This sounds like an installation / setup issue. However, we need the exact error message(s). Also, we need actual output for these two inputs:

My other Stan models run without any issues on these two computers.
One error message is : “Error in unserialize(socklist[[n]]) : error reading from connection” when I try to run parallel chains
The other message is: “Error occurred during transmission”. It’s the same than when I kill a job corresponding of a running model in the Terminal (console).

I don’t have the package Makevars on the both computers.

Session info on my Mac:
setting value
version R version 3.4.1 (2017-06-30)
system x86_64, darwin15.6.0
ui RStudio (1.0.143)
language (EN)
collate en_US.UTF-8
tz Europe/Paris
date 2017-08-25

And on the other computer:
Session info ----------------------------------------------------------------------------------------
setting value
version R version 3.4.1 (2017-06-30)
system x86_64, linux-gnu
ui RStudio (1.0.153)
language (EN)
collate en_US.UTF-8
tz Europe/Paris
date 2017-08-25

It runs for me if I change line 513 from lpsi[k][j] ~ normal(0, sqrt(1000)); to lpsi[k][j] ~ normal(0, sqrt(1000.0));. Or it would also work if you declared that standard deviation in the data block and passed it from R. This issue of passing numbers to math functions in the C++ library pops up in two out of every three Stan releases, so it is best avoided.

I have the same error (“error occurred during transmission”) even if I change the line like you.

Do the errors occur when it is called from a shell rather than RStudio. If you google for RStudio "error occurred during transmission" there are a number of hits.

I tried directly in the shell with 2 chains in parallel and 50 iterations because the model runs very slowly…

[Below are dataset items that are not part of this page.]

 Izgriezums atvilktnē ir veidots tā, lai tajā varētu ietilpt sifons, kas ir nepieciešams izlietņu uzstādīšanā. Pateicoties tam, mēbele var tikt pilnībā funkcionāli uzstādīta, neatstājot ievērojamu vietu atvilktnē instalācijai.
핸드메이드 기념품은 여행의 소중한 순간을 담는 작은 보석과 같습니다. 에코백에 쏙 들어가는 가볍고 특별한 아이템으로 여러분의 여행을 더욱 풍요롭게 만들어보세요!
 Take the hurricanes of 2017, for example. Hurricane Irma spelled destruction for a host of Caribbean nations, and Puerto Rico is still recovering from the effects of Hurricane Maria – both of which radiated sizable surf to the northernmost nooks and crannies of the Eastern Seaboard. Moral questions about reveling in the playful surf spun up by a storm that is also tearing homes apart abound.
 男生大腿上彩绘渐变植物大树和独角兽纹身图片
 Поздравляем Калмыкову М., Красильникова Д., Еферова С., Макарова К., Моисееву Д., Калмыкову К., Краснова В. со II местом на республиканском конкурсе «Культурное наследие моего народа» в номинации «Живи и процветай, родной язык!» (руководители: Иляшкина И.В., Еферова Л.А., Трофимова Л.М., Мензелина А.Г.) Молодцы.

Elapsed Time: 445.05 seconds (Warm-up)
1078.94 seconds (Sampling)
1523.99 seconds (Total)


Elapsed Time: 568.986 seconds (Warm-up)
1122.6 seconds (Sampling)
1691.58 seconds (Total)

And there was a new error message (probably the error leading to the previous errors in RStudio)
The message is in French sorry (translation: Attempt to obtain the “mode” slot of an object of an elementary class (“NULL”) without slots)

Error in FUN(X[[i]], …) :
tentative d’obtenir le slot “mode” d’un objet d’une classe élémentaire (“NULL”) sans slots

The relevant translation is:

#: src/main/attrib.c:1302
#, c-format
msgid “trying to get slot “mode” from an object of a basic class (“NULL”) with no slots”

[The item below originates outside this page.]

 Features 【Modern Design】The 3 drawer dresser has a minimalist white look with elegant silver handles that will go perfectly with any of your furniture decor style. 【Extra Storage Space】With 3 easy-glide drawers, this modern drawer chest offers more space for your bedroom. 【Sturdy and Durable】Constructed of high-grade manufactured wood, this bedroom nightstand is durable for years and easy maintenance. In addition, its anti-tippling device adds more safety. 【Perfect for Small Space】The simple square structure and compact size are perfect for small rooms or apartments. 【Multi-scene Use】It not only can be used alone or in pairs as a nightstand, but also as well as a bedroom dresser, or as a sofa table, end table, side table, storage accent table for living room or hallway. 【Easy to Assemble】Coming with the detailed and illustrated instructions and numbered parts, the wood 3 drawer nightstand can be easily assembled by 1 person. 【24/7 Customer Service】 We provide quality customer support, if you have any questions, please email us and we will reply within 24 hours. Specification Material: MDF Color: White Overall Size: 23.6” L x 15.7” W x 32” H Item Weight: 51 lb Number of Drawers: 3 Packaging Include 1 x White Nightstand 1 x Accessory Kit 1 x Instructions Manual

The error message appears when the sampling is done; just after the message “elapsed time…” and before the creation of the Stan-fit object.

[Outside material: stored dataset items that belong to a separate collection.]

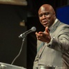 Tony Gladney, vice president of community engagement for MGM Resorts International, speaks during a news conference at Mandalay Bay Thursday, Jan. 23, 2020. MGM Resorts International announced a founding partnership with the Las Vegas Raiders. Gladney played for UNLV football and went on to play in the NFL with the San Francisco 49ers.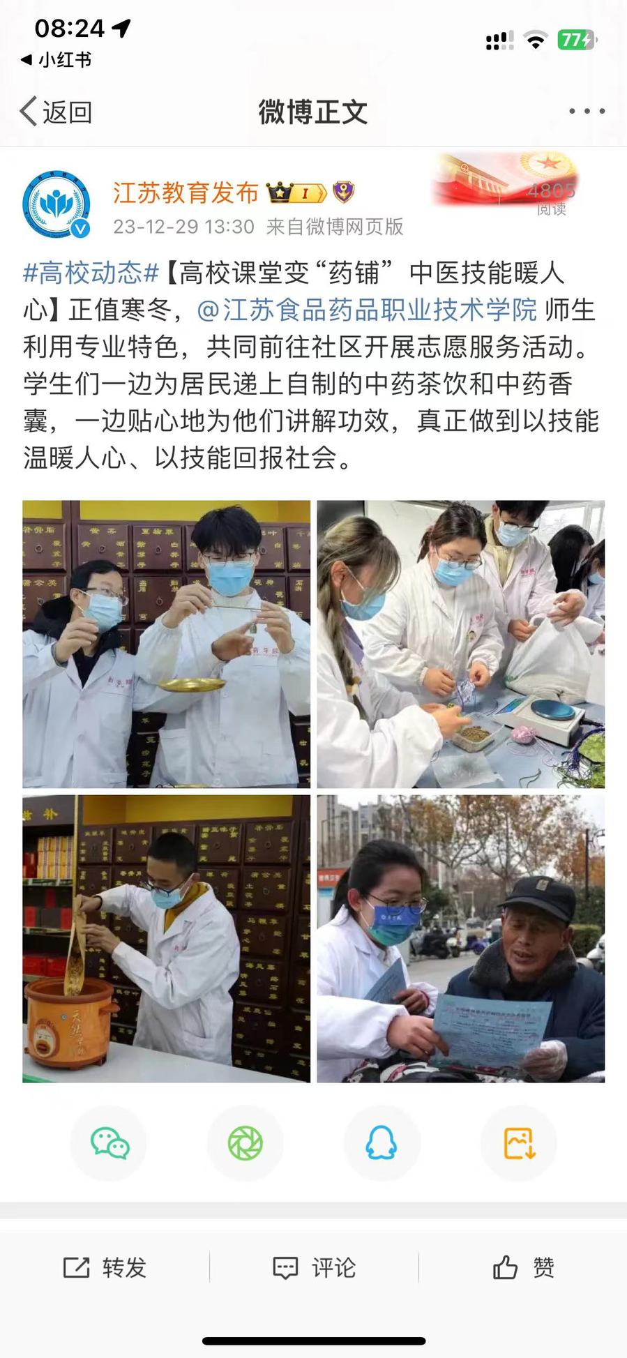 #高校动态# 【高校课堂变“药铺” 中医技能暖人心】正值寒冬,@乐竞 师生利用专业特色,共同前往社区开展志愿服务活动。学生们一边为居民递上自制的中药茶饮和中药香囊,一边贴心地为他们讲解功效,真正做到以技能温暖人心、以技能回报社会。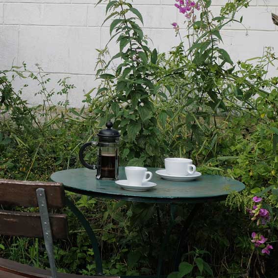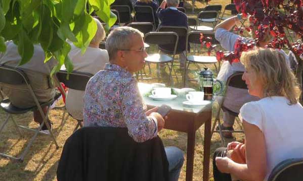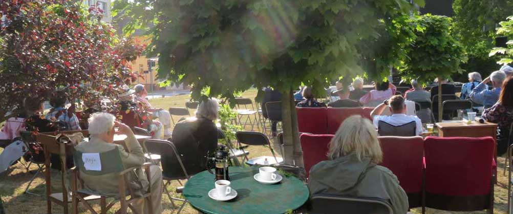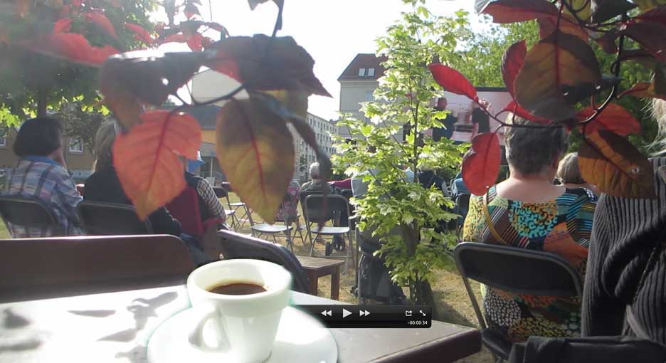 Ein Park-Cafe für alle, warum nicht sofort und durch zu gehen, sitzend und mit Spielen der Kinder daneben links und rechts.

I think you have encountered a bug. For me, the model just dies when it starts to sample. Here is all I could get from GDB

Thread 1 "R" received signal SIGSEGV, Segmentation fault.
0x00007ffff78eadd3 in RecursiveRelease (object=0x55555afd92f0, object@entry=<error reading variable: DWARF-2 expression error: Loop detected (257).>, list=0x55559c41f8f8) at memory.c:3281
3281    memory.c: No such file or directory.
(gdb) bt
#0  0x00007ffff78eadd3 in RecursiveRelease (object=0x55555afd92f0, object@entry=<error reading variable: DWARF-2 expression error: Loop detected (257).>, list=0x55559c41f8f8) at memory.c:3281
#1  0x00007ffff78eadd8 in RecursiveRelease (object=<error reading variable: DWARF-2 expression error: Loop detected (257).>, list=0x55559c41f8c0) at memory.c:3281
#2  0x00007ffff78eadd8 in RecursiveRelease (object=<error reading variable: DWARF-2 expression error: Loop detected (257).>, list=0x55559c41f888) at memory.c:3281
...
#? 0x00007ffff78eadd8 in RecursiveRelease (object=<error reading variable: DWARF-2 expression error: Loop detected (257).>, list=0x55559c41f888) at memory.c:3281

At first I thought the problem was that your first_capture function didn’t have a return statement outside the loop, which generates a compiler warning, but that is not it. Also odd is that somehow CmdStan runs without segfaulting. Maybe @Bob_Carpenter can see what is going wrong.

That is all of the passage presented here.